Records for processing:
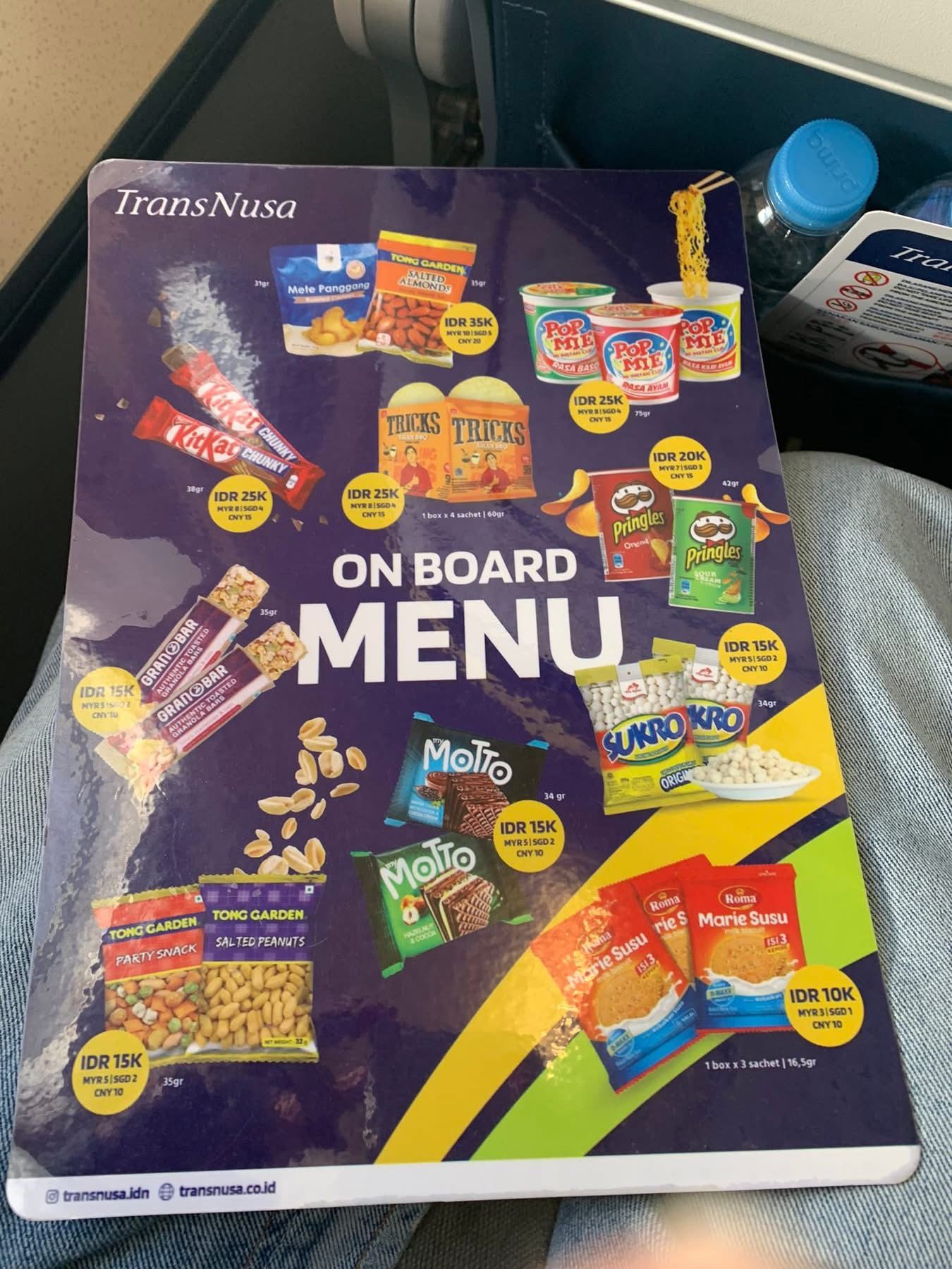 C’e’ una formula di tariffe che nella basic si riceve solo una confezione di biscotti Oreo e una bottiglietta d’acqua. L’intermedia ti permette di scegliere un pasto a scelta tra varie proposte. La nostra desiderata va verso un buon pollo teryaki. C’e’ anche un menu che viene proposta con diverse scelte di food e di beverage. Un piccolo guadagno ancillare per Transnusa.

==

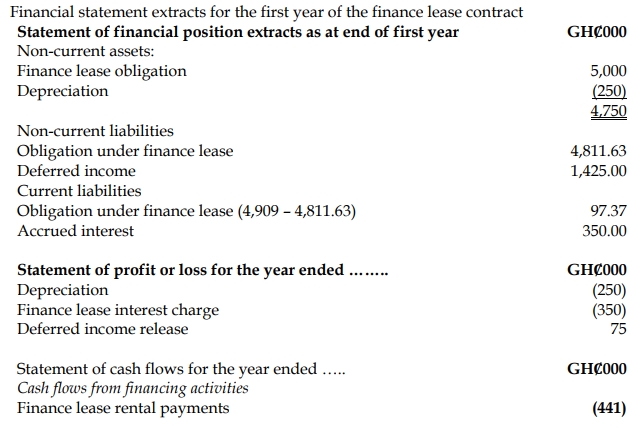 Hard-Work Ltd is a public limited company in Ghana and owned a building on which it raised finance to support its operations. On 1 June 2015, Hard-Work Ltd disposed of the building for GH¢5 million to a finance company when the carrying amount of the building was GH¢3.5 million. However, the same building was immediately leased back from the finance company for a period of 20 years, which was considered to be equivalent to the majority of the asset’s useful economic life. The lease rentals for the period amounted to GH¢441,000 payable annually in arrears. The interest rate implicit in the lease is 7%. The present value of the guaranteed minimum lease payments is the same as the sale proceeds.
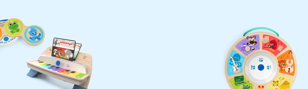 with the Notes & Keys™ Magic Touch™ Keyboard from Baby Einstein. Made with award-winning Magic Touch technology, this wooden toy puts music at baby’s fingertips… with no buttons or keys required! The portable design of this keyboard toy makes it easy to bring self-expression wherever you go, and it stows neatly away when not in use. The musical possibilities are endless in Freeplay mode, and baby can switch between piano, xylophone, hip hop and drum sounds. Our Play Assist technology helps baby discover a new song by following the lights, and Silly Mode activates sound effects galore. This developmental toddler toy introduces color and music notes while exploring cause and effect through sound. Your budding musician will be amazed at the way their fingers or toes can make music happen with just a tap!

Task details:
Both the line containing "Hard-Work Ltd is" and the line containing "with the Notes" above belong in the output, as do the lines between them. Print them exactly, without pictures.

Response:
 Hard-Work Ltd is a public limited company in Ghana and owned a building on which it raised finance to support its operations. On 1 June 2015, Hard-Work Ltd disposed of the building for GH¢5 million to a finance company when the carrying amount of the building was GH¢3.5 million. However, the same building was immediately leased back from the finance company for a period of 20 years, which was considered to be equivalent to the majority of the asset’s useful economic life. The lease rentals for the period amounted to GH¢441,000 payable annually in arrears. The interest rate implicit in the lease is 7%. The present value of the guaranteed minimum lease payments is the same as the sale proceeds.
 with the Notes & Keys™ Magic Touch™ Keyboard from Baby Einstein. Made with award-winning Magic Touch technology, this wooden toy puts music at baby’s fingertips… with no buttons or keys required! The portable design of this keyboard toy makes it easy to bring self-expression wherever you go, and it stows neatly away when not in use. The musical possibilities are endless in Freeplay mode, and baby can switch between piano, xylophone, hip hop and drum sounds. Our Play Assist technology helps baby discover a new song by following the lights, and Silly Mode activates sound effects galore. This developmental toddler toy introduces color and music notes while exploring cause and effect through sound. Your budding musician will be amazed at the way their fingers or toes can make music happen with just a tap!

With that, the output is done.